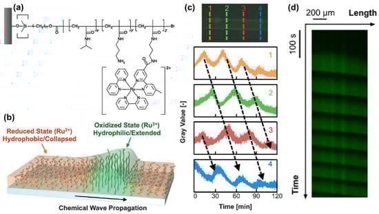 (a) Structure of the grafted-from self-oscillating polymer brushes (SOPB). (b) Schematic representation of the propagation of a chemical wave in the SOPB. (c) Top: fluorescence microscopy images of a glass capillary modified with the SOPB; bottom: oscillating profile of fluorescence intensity for each SOPB position. Adapted and reproduced with permission from [], Wiley, 2013. (d) Spatiotemporal pattern of chemical wave propagation in a SOPB (adapted and reproduced with permission from [], American Chemical Society, 2015). In both (c,d) the Belousov–Zhabotinsky (BZ) reaction conditions were: [HNO3] 0.81 M, [NaBrO3] = 0.15 M, [malonic acid] 0.1 M.
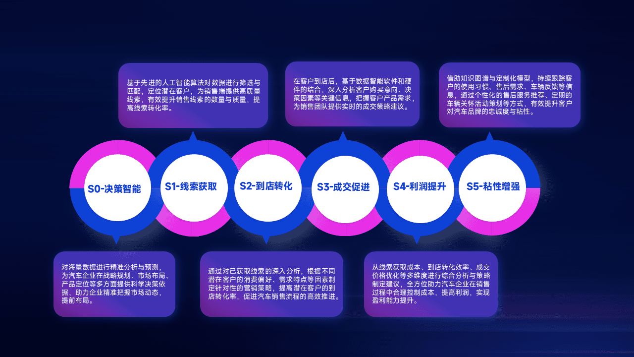通过拓宽潜在客户来源、、优化线索分配并提高到店转化率,,,,以增强销售效率。。。同时,,利用线索数据不断优化分析模型,,有效提升转化率,,,扩大营销影响力。。。。
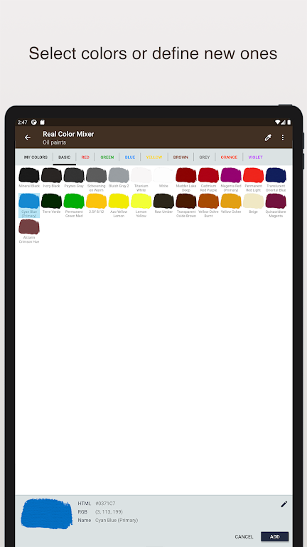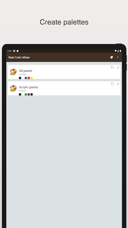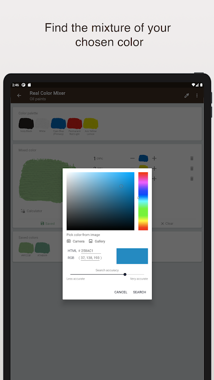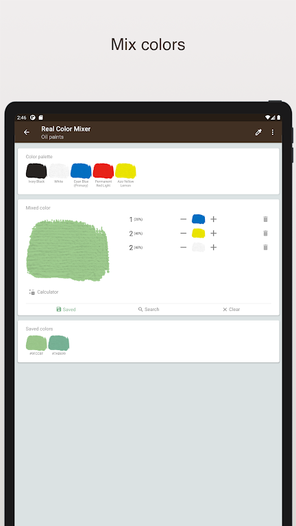 Real Color Mixer is a powerful tool for artists, designers, and DIY enthusiasts, simulating the process of mixing real paints (such as oil or acrylic) without the mess. Experiment with different proportions of colors and preview the results instantly, all while learning the fascinating science behind color blending. Whether you're creating new shades for a painting or designing a color palette, this app offers an intuitive way to explore color mixing in a virtual space.
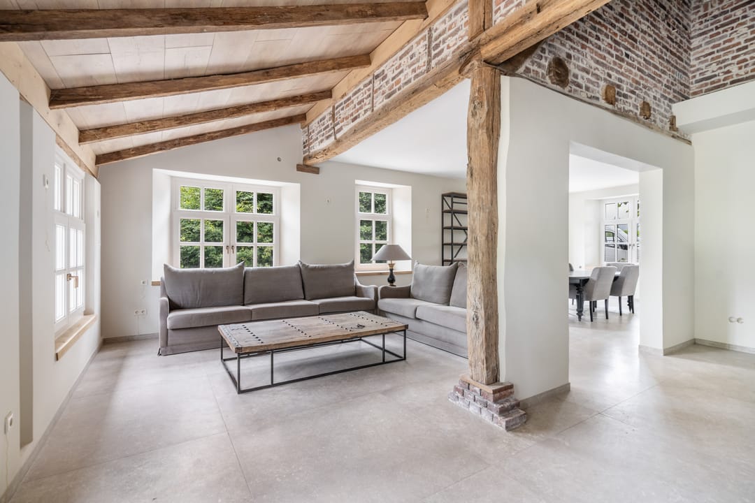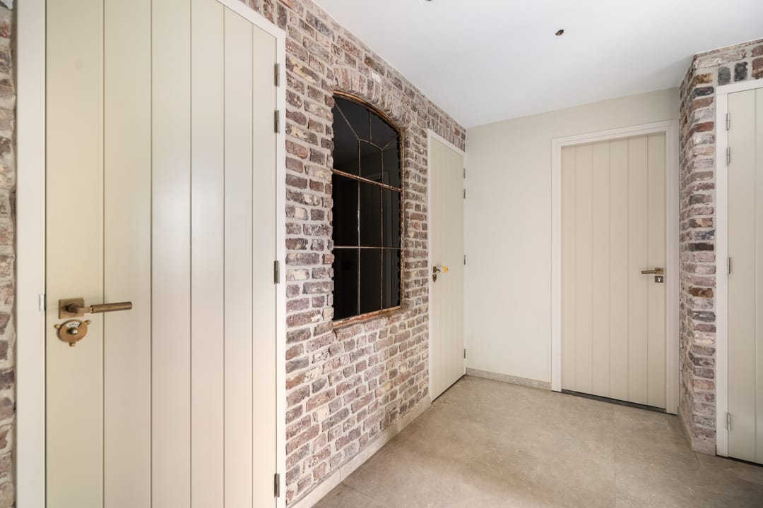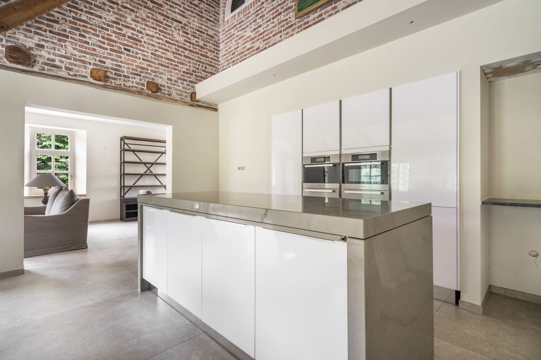 Het rechter gedeelte van de boerderij vormt het woonhart en biedt een royale entree met toegang tot de luxe keuken en de lichte woonkamer. De keuken is uitgerust met hoogwaardige Miele-apparatuur en beschikt over een bijzonder kookeiland dat met één handbeweging kan worden verplaatst en transformeert tot bar. De keuken is nagenoeg ongebruikt en vormt een echte blikvanger. Zowel de keuken als de woonkamer zijn voorzien van vloerverwarming en genieten van een prettige lichtinval. Op de verdieping bevindt zich momenteel een slaapkamer met eiken vloer en voorbereidingen voor een badkamer. De verdieping biedt daarnaast de mogelijkheid om, indien gewenst, twee extra slaapkamers te realiseren, waarmee het woonprogramma eenvoudig kan worden uitgebreid en aangepast aan de behoeften van een gezin of gecombineerd woon-werkgebruik. Daarnaast is dit gedeelte constructief voorbereid op het realiseren van een eigen trap of lift, wat bijdraagt aan toekomstbestendig gebruik.
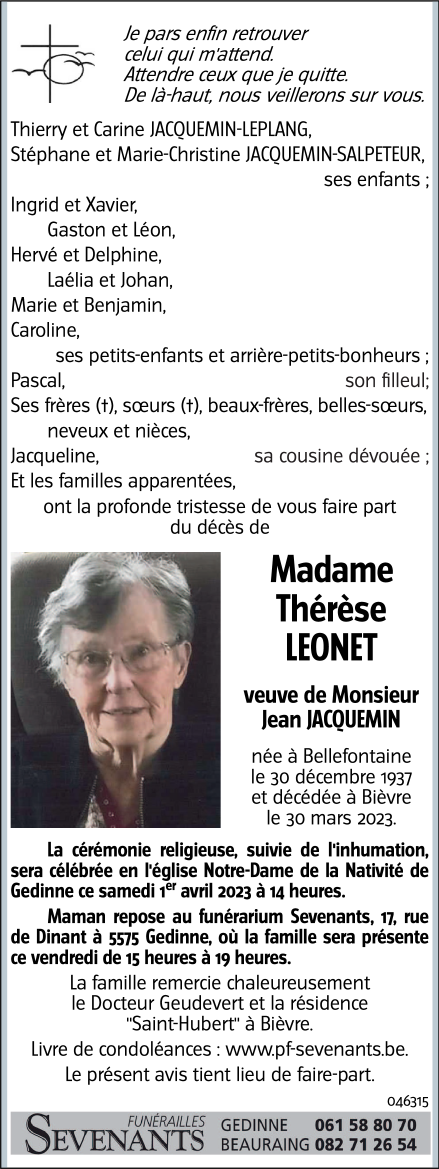 Décédée à Bievre (5555) le jeudi 30 mars 2023 à l'âge de 85 ans

==================================================

Assigned task - Repeat the records above exactly, from the first line through the line that contains "通过拓宽潜在客户来源、、优化", and leave out the pictures.

Task result -
 (a) Structure of the grafted-from self-oscillating polymer brushes (SOPB). (b) Schematic representation of the propagation of a chemical wave in the SOPB. (c) Top: fluorescence microscopy images of a glass capillary modified with the SOPB; bottom: oscillating profile of fluorescence intensity for each SOPB position. Adapted and reproduced with permission from [], Wiley, 2013. (d) Spatiotemporal pattern of chemical wave propagation in a SOPB (adapted and reproduced with permission from [], American Chemical Society, 2015). In both (c,d) the Belousov–Zhabotinsky (BZ) reaction conditions were: [HNO3] 0.81 M, [NaBrO3] = 0.15 M, [malonic acid] 0.1 M.
通过拓宽潜在客户来源、、优化线索分配并提高到店转化率,,,,以增强销售效率。。。同时,,利用线索数据不断优化分析模型,,有效提升转化率,,,扩大营销影响力。。。。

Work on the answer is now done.